Tenenhaus, A., et al. "Regularized generalized canonical correlation analysis." Psychometrika, 76:257–284, 2011

Examples

>>> from mvlearn.embed import MCCA
>>> X1 = [[0, 0, 1], [1, 0, 0], [2, 2, 2], [3, 5, 4]]
>>> X2 = [[0.1, -0.2], [0.9, 1.1], [6.2, 5.9], [11.9, 12.3]]
>>> X3 = [[0, 1, 0], [1, 9, 0], [4, 3, 3,], [12, 8, 10]]
>>> mcca = MCCA()
>>> mcca.fit([X1, X2, X3])
MCCA()
>>> Xs_scores = mcca.transform([X1, X2, X3])

Kernel MCCA

class mvlearn.embed.KMCCA(n_components=1, kernel='linear', kernel_params={}, regs=None, signal_ranks=None, sval_thresh=0.001, diag_mode='A', center=True, filter_params=False, n_jobs=None, multiview_output=True, pgso=False, tol=0.1)[source]

Kernel multi-view canonical correlation analysis.

Parameters
  • n_components (int, None (default 1)) -- Number of components to compute.

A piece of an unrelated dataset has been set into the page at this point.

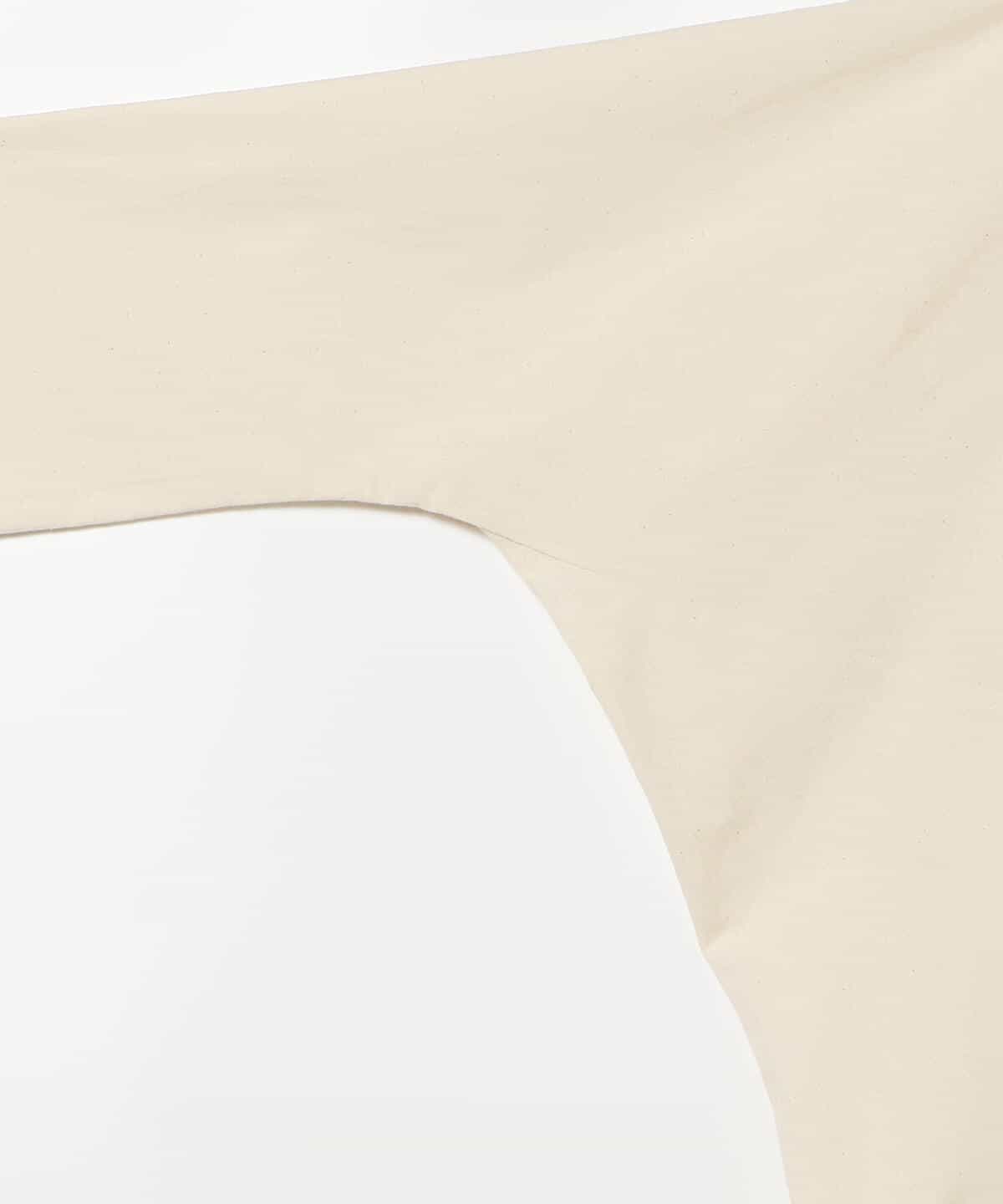 オーバーサイズで、暑い時にはシャツ、寒い時にはニットとインナーを自由に選べるデザイン。インサイド部分には大小多数のポケットを配し、マルシェで購入したフルーツやバゲット、ワイン等様々な物が入れることも可能。マルシェでつまみ食いしてこぼしても、インナーの洋服を汚さないのもオーバーオールデザインのポイントです。

If None, will use the number of features.

  • kernel (str, callable, or list (default 'linear')) -- The kernel function to use. This is the metric argument to sklearn.metrics.pairwise.pairwise_kernels. A list will specify for each view separately.

  • kernel_params (dict, or list (default {})) -- Key word arguments to sklearn.metrics.pairwise.pairwise_kernels. A list will specify for each view separately.

  • regs (float, None, or list, optional (default None)) -- None equates to 0. Floats are nonnegative. The value is used to regularize singular values in each view based on diag_mode A list will specify the method for each view separately.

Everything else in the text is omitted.